Getting Ready for India

Wen and I were originally going to visit Nepal and then India but due to poor weather in Nepal (and poorer planning on our part), we’re only going to India for a now massive five weeks.

I love India, having been there twice in 2006. While the second trip was purely a vacation, the first one was a visit to a technology conference and highlighted their seemingly inexorable rise to a leading power in the 21st century.

In preparation for this trip, I’ve been doing a bit of reading on the country. If you want to get a sense of just what India’s rise could mean and a sense of the staggering challenges they’re going to face to realize their full potential, I highly recommend In Spite of the Gods: The Rise of Modern India by Edward Luce. They book is about four years old now and it’s remarkable how prescient many of his predictions/comments have been.

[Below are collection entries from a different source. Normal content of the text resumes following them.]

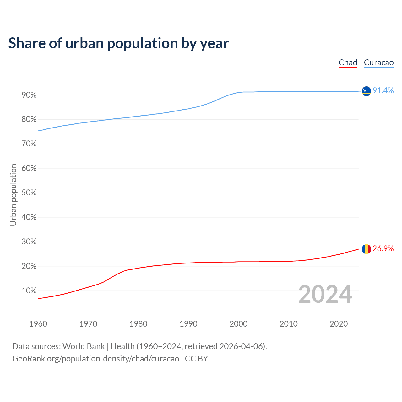 From 2004 to 2024, the share of urban population changed from 21.7% to 26.9% in Chad and from 91.2% to 91.4% in Curacao.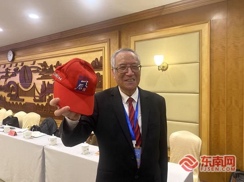 “小三通”首航亲历者、马祖前民意代表曹尔忠带来25年前首航时戴的帽子。东南网记者卢金福 摄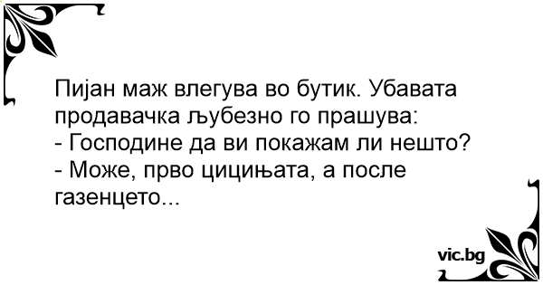 Пијан маж влегува во бутик. Убавата продавачка љубезно го прашува: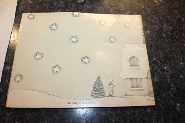 Cute book "Santa's Crash-Bang Christmas" and two handcrafted Christmas posters from the puffy paint era, ready for your home/next craft project! Book is from 1977. From a smoke-free home; given freely in as-is condition.
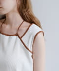 首元やアームホールに施された濃色のパイピングが、全体を引き締めてメリハリのある印象に。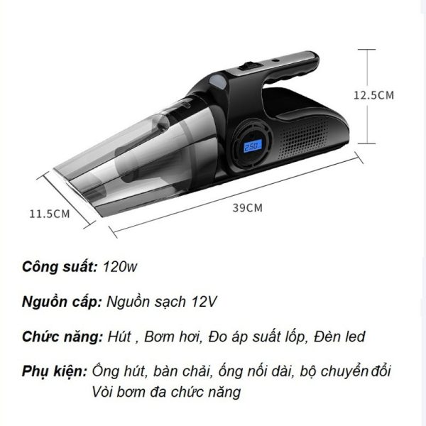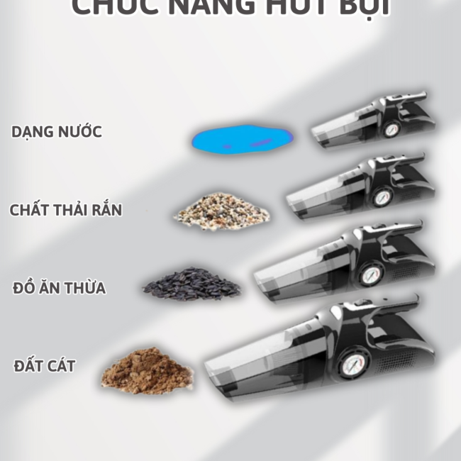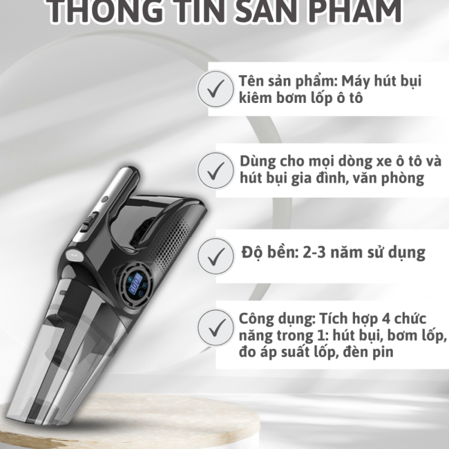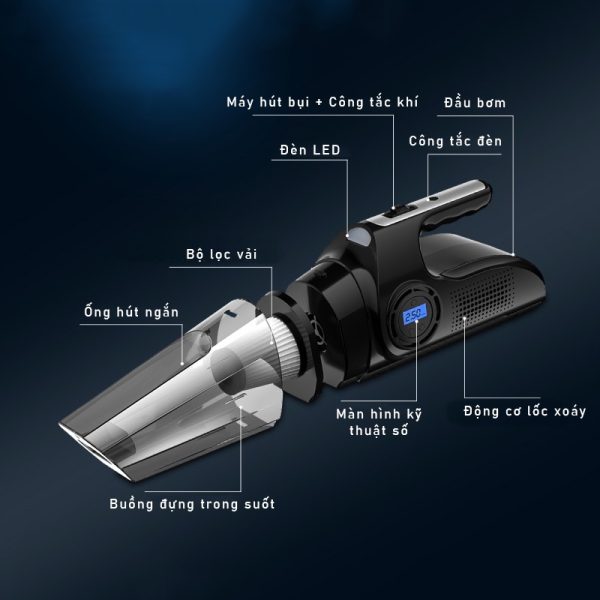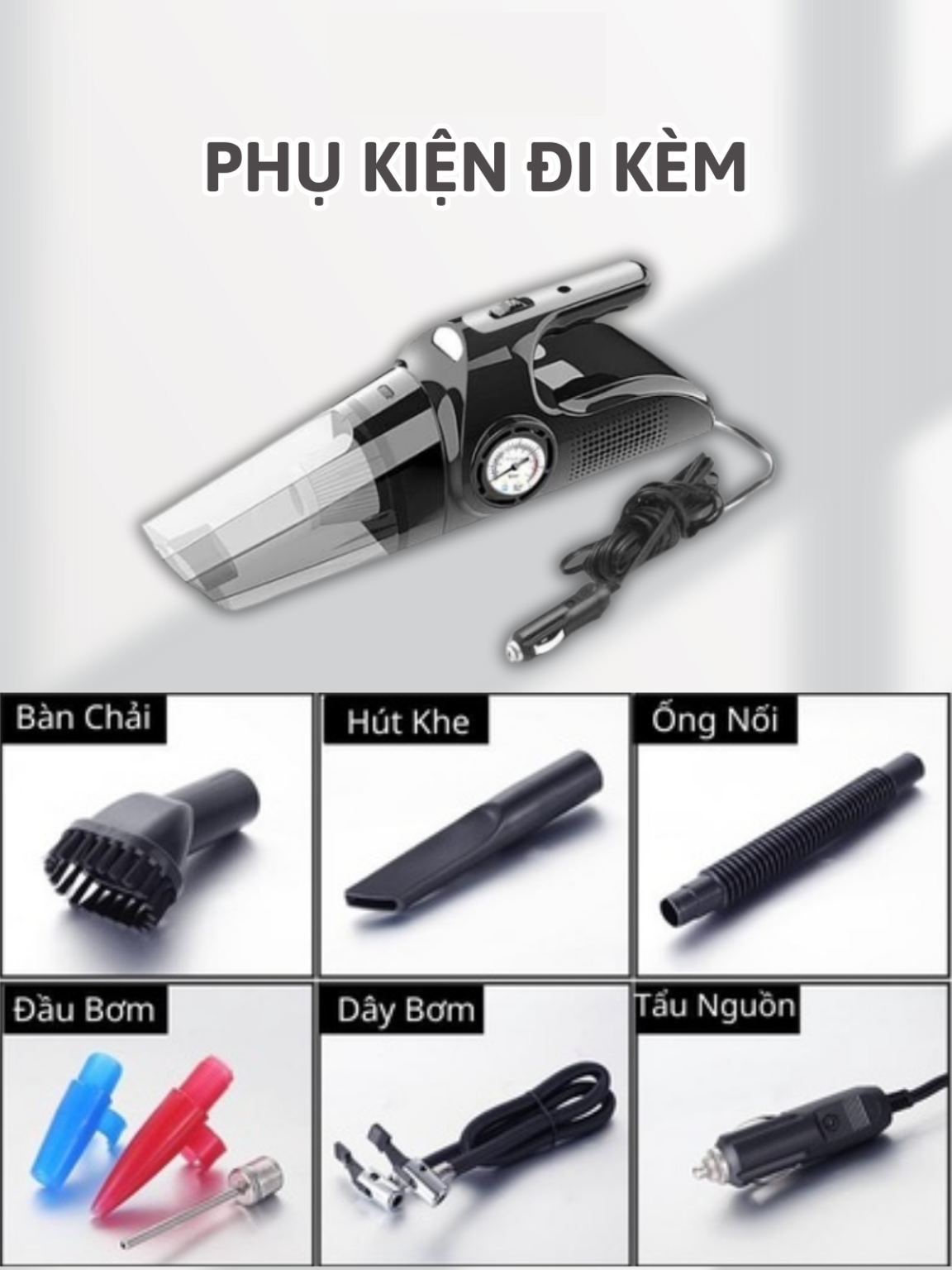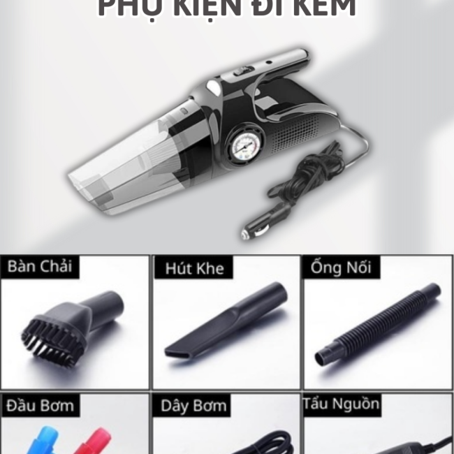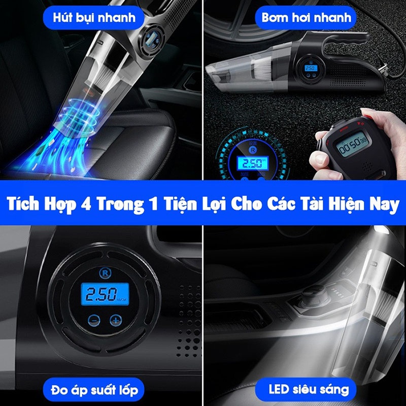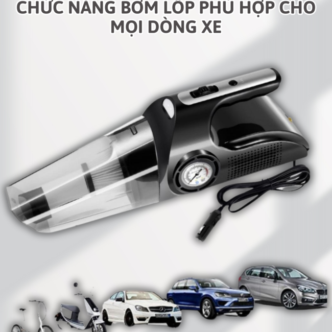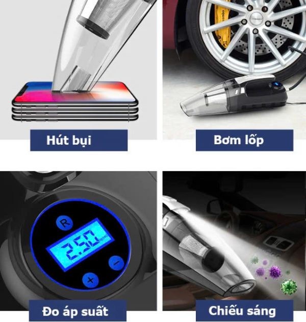Máy Hút Bụi Bơm Lốp Ô Tô Đa Năng 4 Trong 1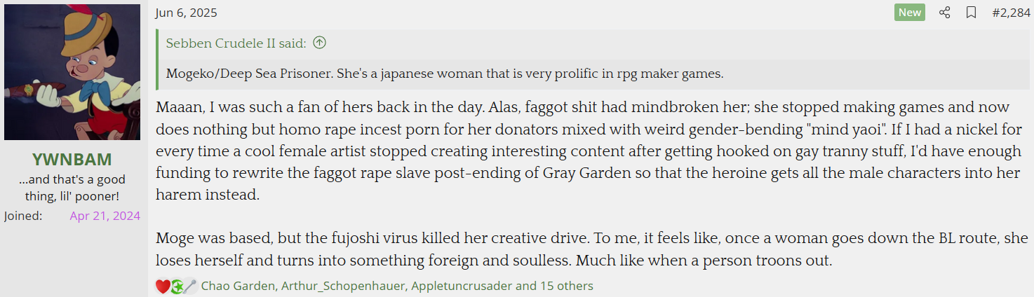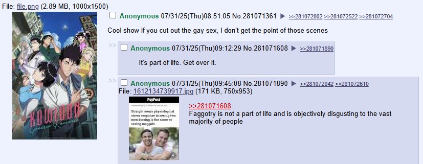 >>9004>the fujoshi virus killed her creative drive blahblahblah mind virusIf there's anything you can criticize fujos for, I don't think it's being boring or soulless kek. Especially coming from Mrs. Yume Het Absolutist over here

As a tease, here are a couple of gems from the book.

On the organization of India’s economy:

Less than 10 percent of India’s dauntingly large labor force is employed in the formal economy [i.e., not farming], which Indians call the “organized sector.” That means that fewer than 40 million people, out of a total of 470 million workers, have job security in any meaningful sense. It means that only 35 million Indians pay any kind of income tax.

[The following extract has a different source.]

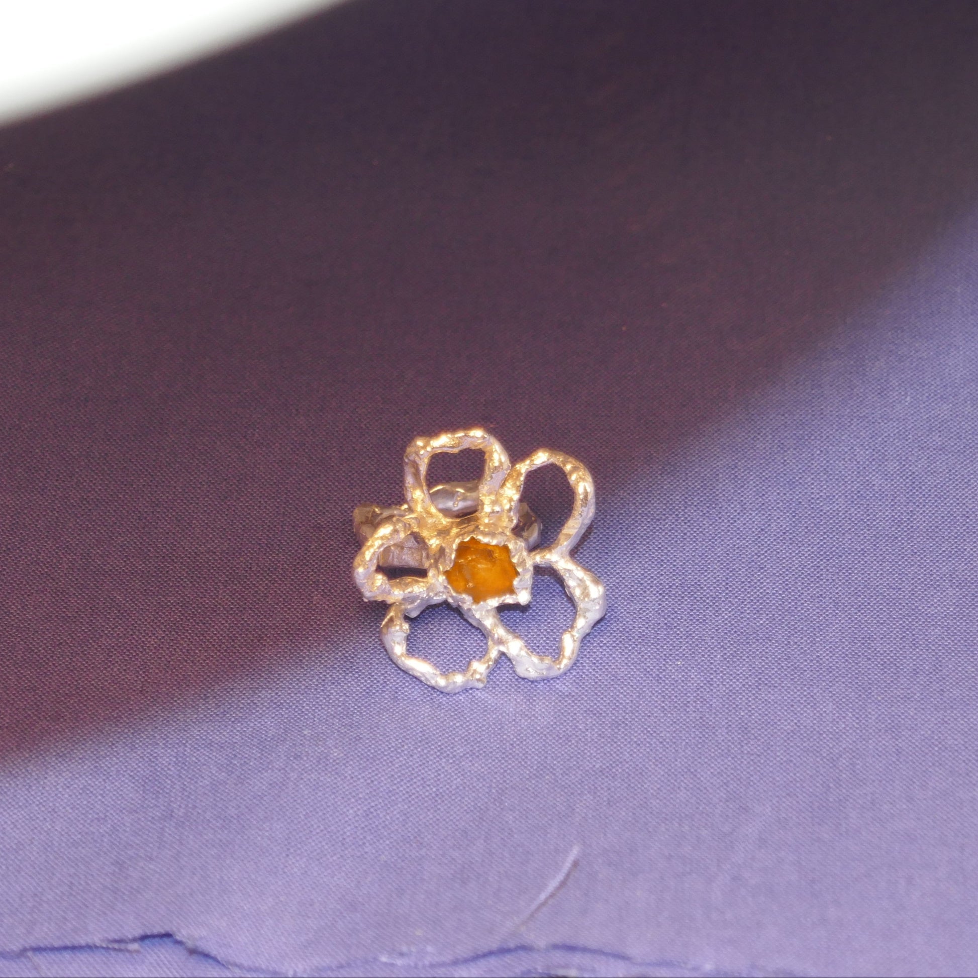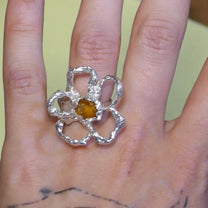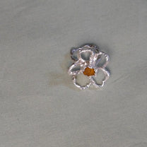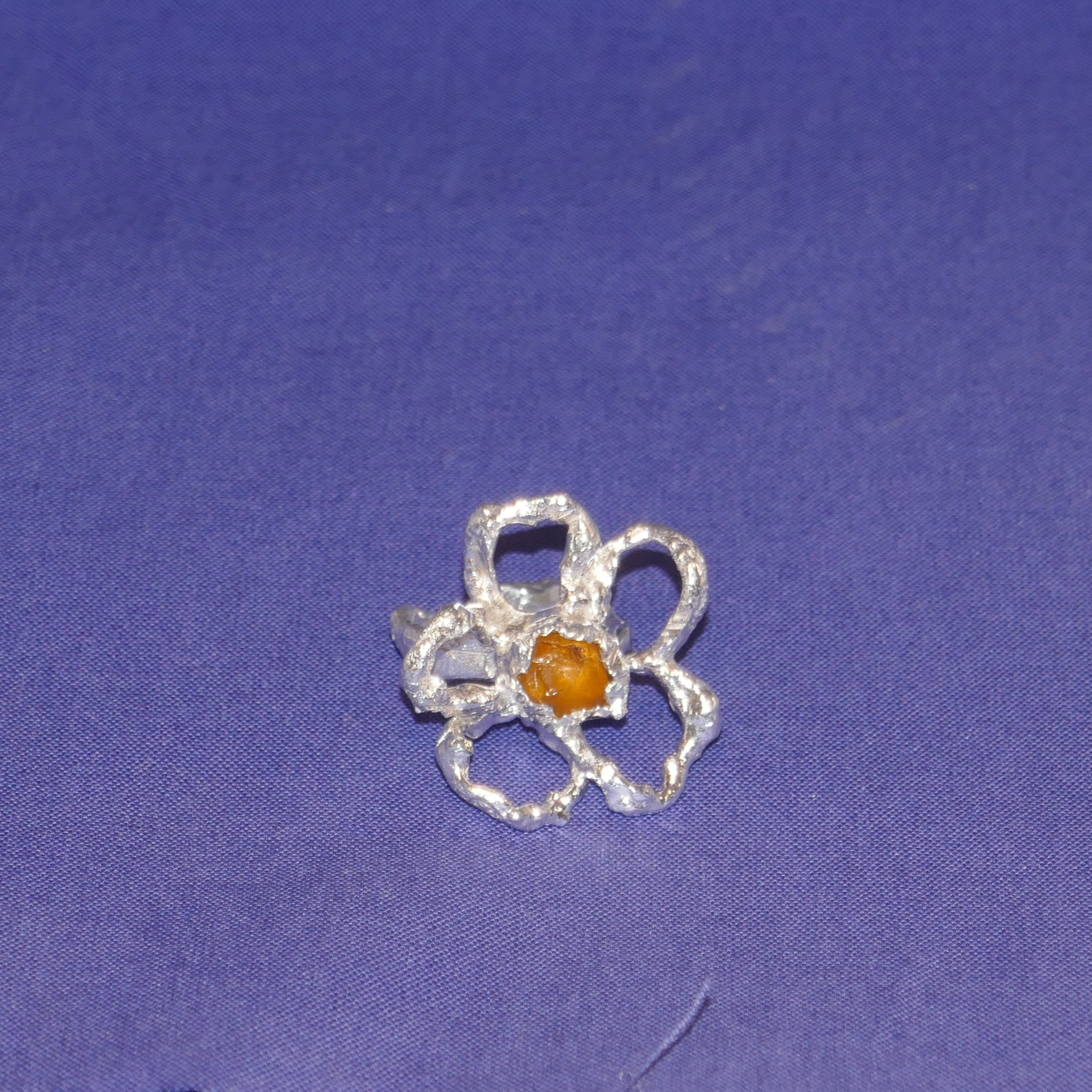this little flower is shaped in 925 sterling silver and set with warm amber.

Of the roughly 35 million Indians with formal sector jobs … 21 million are direct employees of the government. These are the civil servants, the teachers, the postal workers, the tea makers and sweepers, the oil sector workers, the soldiers, the coal miners, and the ticket collectors of the Indian government’s lumbering network of offices, railways stations, factories, and schools.

Fewer than 1 million – that is, less than a quarter of 1 percent of India’s total pool of labor – are employed in information technology, software, back-office processing and call centers.

I found this fascinating. Despite all the wealth created by India’s massive software companies it’s a drop in the bucket in terms of employment. Moreover, there are only 7 million people employed in manufacturing in India vs. more than 100 million in China. It will be interesting to see if India can turn themselves into a private sector job machine.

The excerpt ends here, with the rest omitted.